## Given material

::::::::::

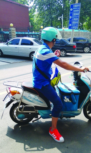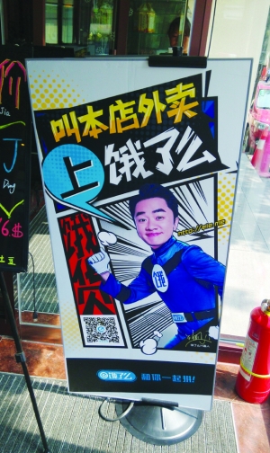 如今,在北京街頭隨處可見(jiàn)鋨了么的宣傳海報(bào)和風(fēng)雨無(wú)阻的送餐小哥。王樂(lè) 攝
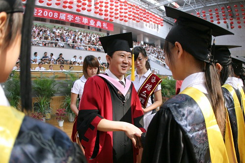 王志刚在讲话中代表学院党政领导和全体师生,对圆满完成学业、即将走上工作岗位的毕业生们表示热烈祝贺,同时对广大毕业生提出了殷切的希望:一要坚定理想信念,把个人的前途与祖国的需要紧密结合起来,在工作岗位上建功立业,做一个具有历史使命感和社会责任心的人。二要不断学习,终身学习,勤于实践,求实创新,做一个事业上不断进取的人。三要发扬文理精神,自强不息,做一个意志坚强,敢于面对挑战,敢于超越自我,成就人生的人。四要学会感恩,懂得回报,一生善待“三位母亲”—— 母亲、母校、祖国;不要忘记“三个地方”—— 出生之地、求学之地和工作之地,做一个诚实守信、知恩图报的人。他还诚挚邀请毕业生们在学院50华诞的时候回母校共襄盛举。
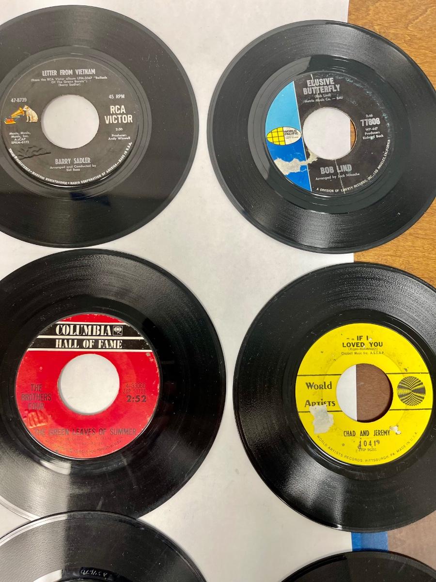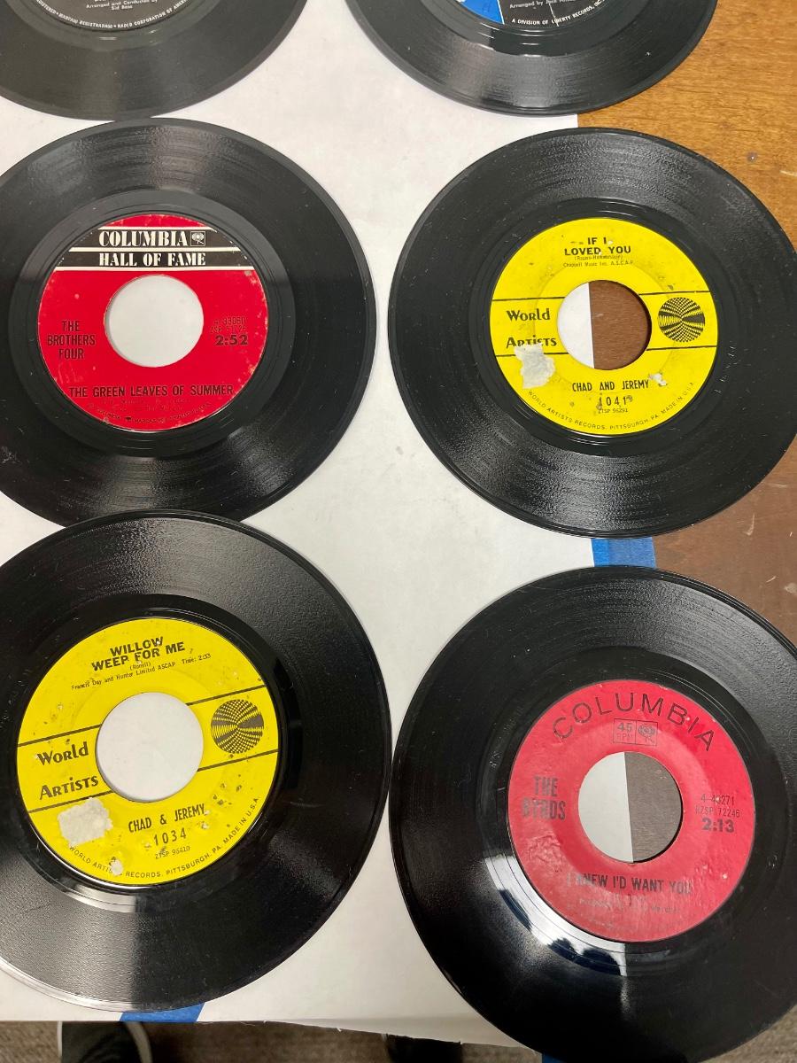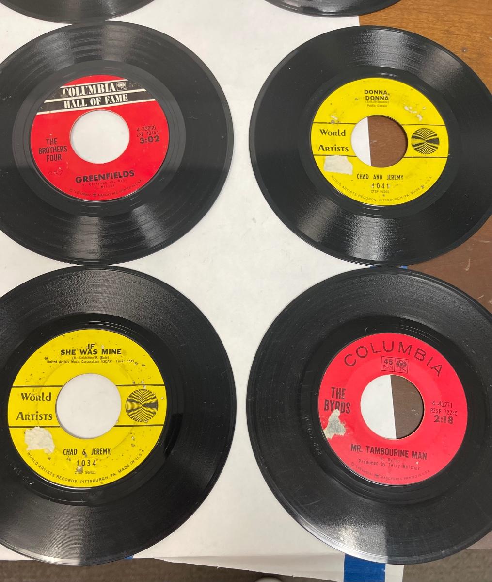 Vintage Vinyl 45's Lot #4 - many artists & labels - The Byrds, Peter Fonda & Susan St. James, Jay & The Americans, etc
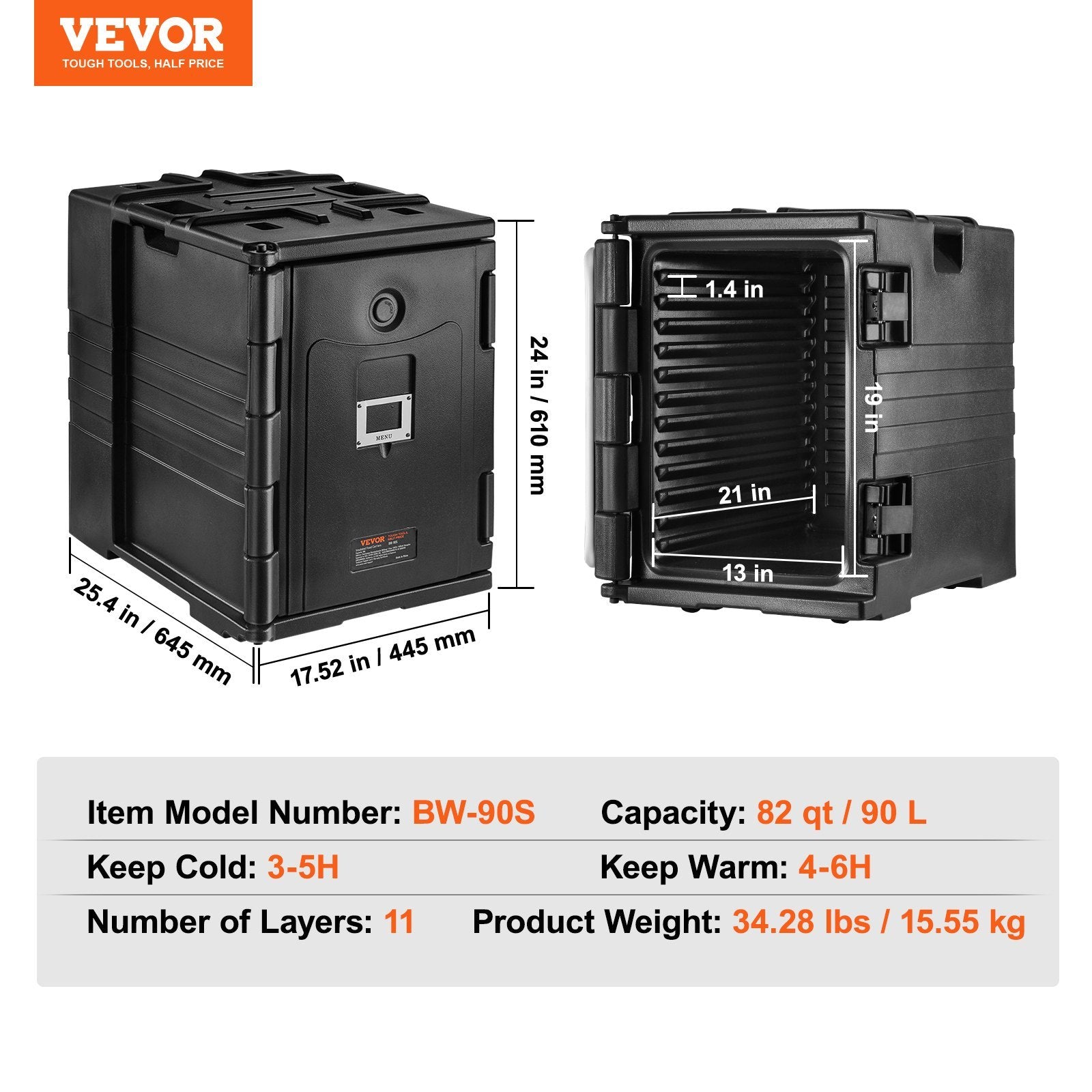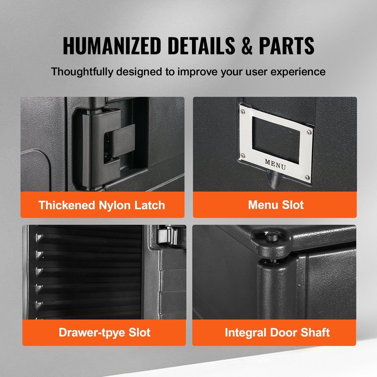 Insulated Food Pan Carrier, 82 Qt Hot Box For Catering, LLDPE Food Box Carrier W Double Buckles, Front Loading Food Warmer W Handles, Stackable End Loader For Restaurant, Canteen, Etc. Black

::::::::::

Repeat each line above exactly. The pictures stay out.

 如今,在北京街頭隨處可見(jiàn)鋨了么的宣傳海報(bào)和風(fēng)雨無(wú)阻的送餐小哥。王樂(lè) 攝
 王志刚在讲话中代表学院党政领导和全体师生,对圆满完成学业、即将走上工作岗位的毕业生们表示热烈祝贺,同时对广大毕业生提出了殷切的希望:一要坚定理想信念,把个人的前途与祖国的需要紧密结合起来,在工作岗位上建功立业,做一个具有历史使命感和社会责任心的人。二要不断学习,终身学习,勤于实践,求实创新,做一个事业上不断进取的人。三要发扬文理精神,自强不息,做一个意志坚强,敢于面对挑战,敢于超越自我,成就人生的人。四要学会感恩,懂得回报,一生善待“三位母亲”—— 母亲、母校、祖国;不要忘记“三个地方”—— 出生之地、求学之地和工作之地,做一个诚实守信、知恩图报的人。他还诚挚邀请毕业生们在学院50华诞的时候回母校共襄盛举。
 Vintage Vinyl 45's Lot #4 - many artists & labels - The Byrds, Peter Fonda & Susan St. James, Jay & The Americans, etc
 Insulated Food Pan Carrier, 82 Qt Hot Box For Catering, LLDPE Food Box Carrier W Double Buckles, Front Loading Food Warmer W Handles, Stackable End Loader For Restaurant, Canteen, Etc. Black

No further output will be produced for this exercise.